WHAT YOU ARE ASKED TO DO. Retype only what runs from the first line of the listing to the line holding "Жевательные резинки Love", both included. Do not retype the pictures.

•••••

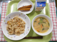 連休明けの給食は人気献立のキムチチャーハン、ワンタンスープです。キムチチャーハンはキムチや豚肉、にんじん、ピーマンが入っています。キムチは絞ってキムチの汁の量を低学年と高学年で変えて辛さを調節しています。
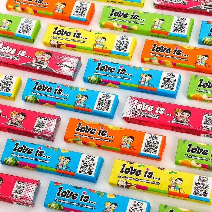 Жевательные резинки Love Is в далёких 90-х пользовались небывалой популярностью как у детей, так и у взрослых. Благодаря яркому вкусу и оригинальным вкладышам, жвачки Лав Ис завоевали любовь миллионов людей. Картинки-вкладыши, которые прилагались к каждой жевательной резинке с мальчиком и девочкой - стали легендами и известны по сей день.
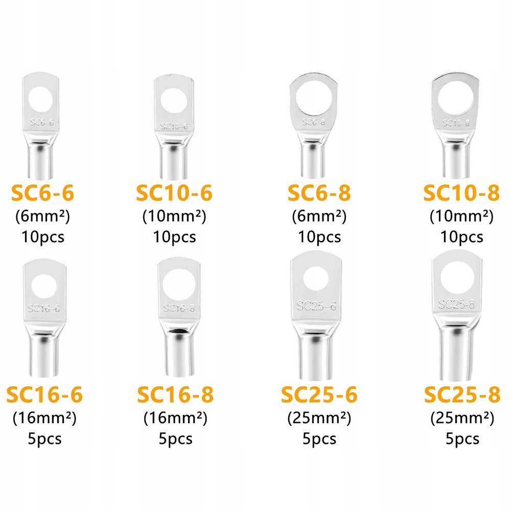 🔗В комплект входят обжимные клещи и 60 медных кольцевых клемм 8 разных размеров, что делает его идеальным для различных электротехнических проектов.
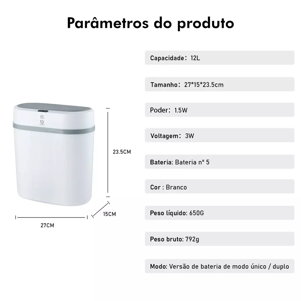 Tecnologia de Sensor Inteligente: Equipada com sensor inteligente, a tampa abre automaticamente ao detectar movimento, proporcionando uma experiência hands-free e higiênica.
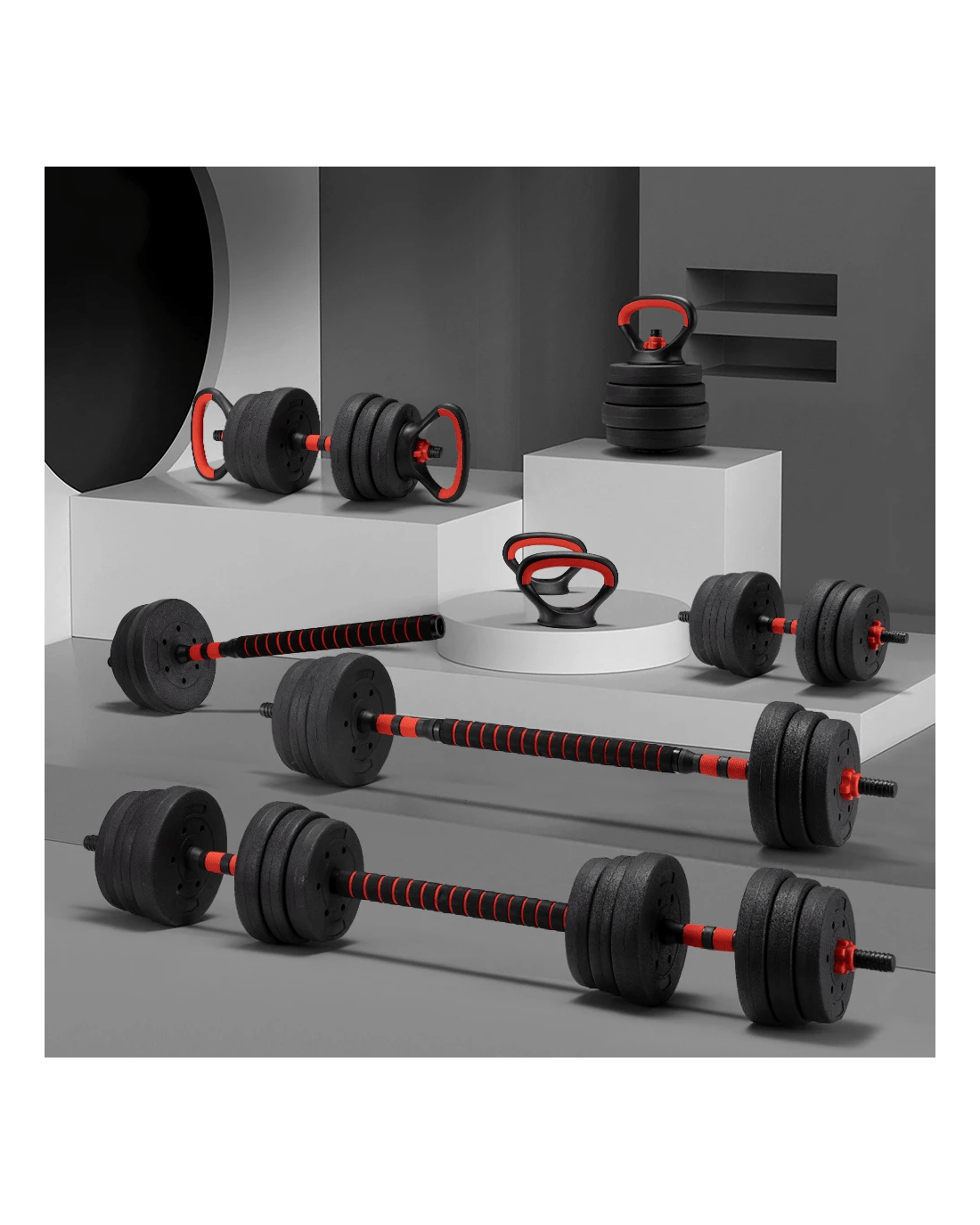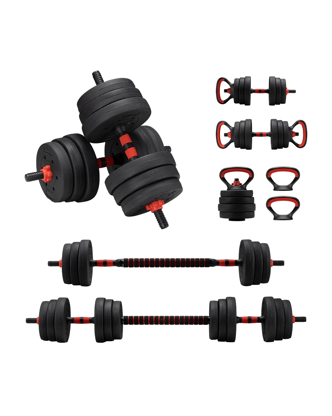 Skip the hassle of packing, driving, and navigating a crowded gym. Elevate your workout with ProPulse versatile dumbbell set. Easily set up your personal gym anywhere-at home, in the office, or outdoors. Its detachable design transforms any space into your ideal workout zone, making fitness more convenient than ever. Whether you aim to build strength, boost endurance, enhance balance, or increase flexibility, our 7-in-1 set is your perfect solution. Effortlessly convert between weight plates, dumbbells, barbell, macebell, kettlebell, two-handle kettlebell, and push-up stands for a customized workout. With adjustable weight plates, you can easily customize the load to match your workout needs. Enjoy a secure, non-slip grip with our handles, and say goodbye to shoulder and neck discomfort with our foam-wrapped barbell bar. Top-grade weight plates and rubber-coated steel dumbbell and barbell bars resist rust, sweat, and wear, ensuring lasting performance for your workouts.

•••••

SOLUTION TO THIS PROBLEM.
 連休明けの給食は人気献立のキムチチャーハン、ワンタンスープです。キムチチャーハンはキムチや豚肉、にんじん、ピーマンが入っています。キムチは絞ってキムチの汁の量を低学年と高学年で変えて辛さを調節しています。
 Жевательные резинки Love Is в далёких 90-х пользовались небывалой популярностью как у детей, так и у взрослых. Благодаря яркому вкусу и оригинальным вкладышам, жвачки Лав Ис завоевали любовь миллионов людей. Картинки-вкладыши, которые прилагались к каждой жевательной резинке с мальчиком и девочкой - стали легендами и известны по сей день.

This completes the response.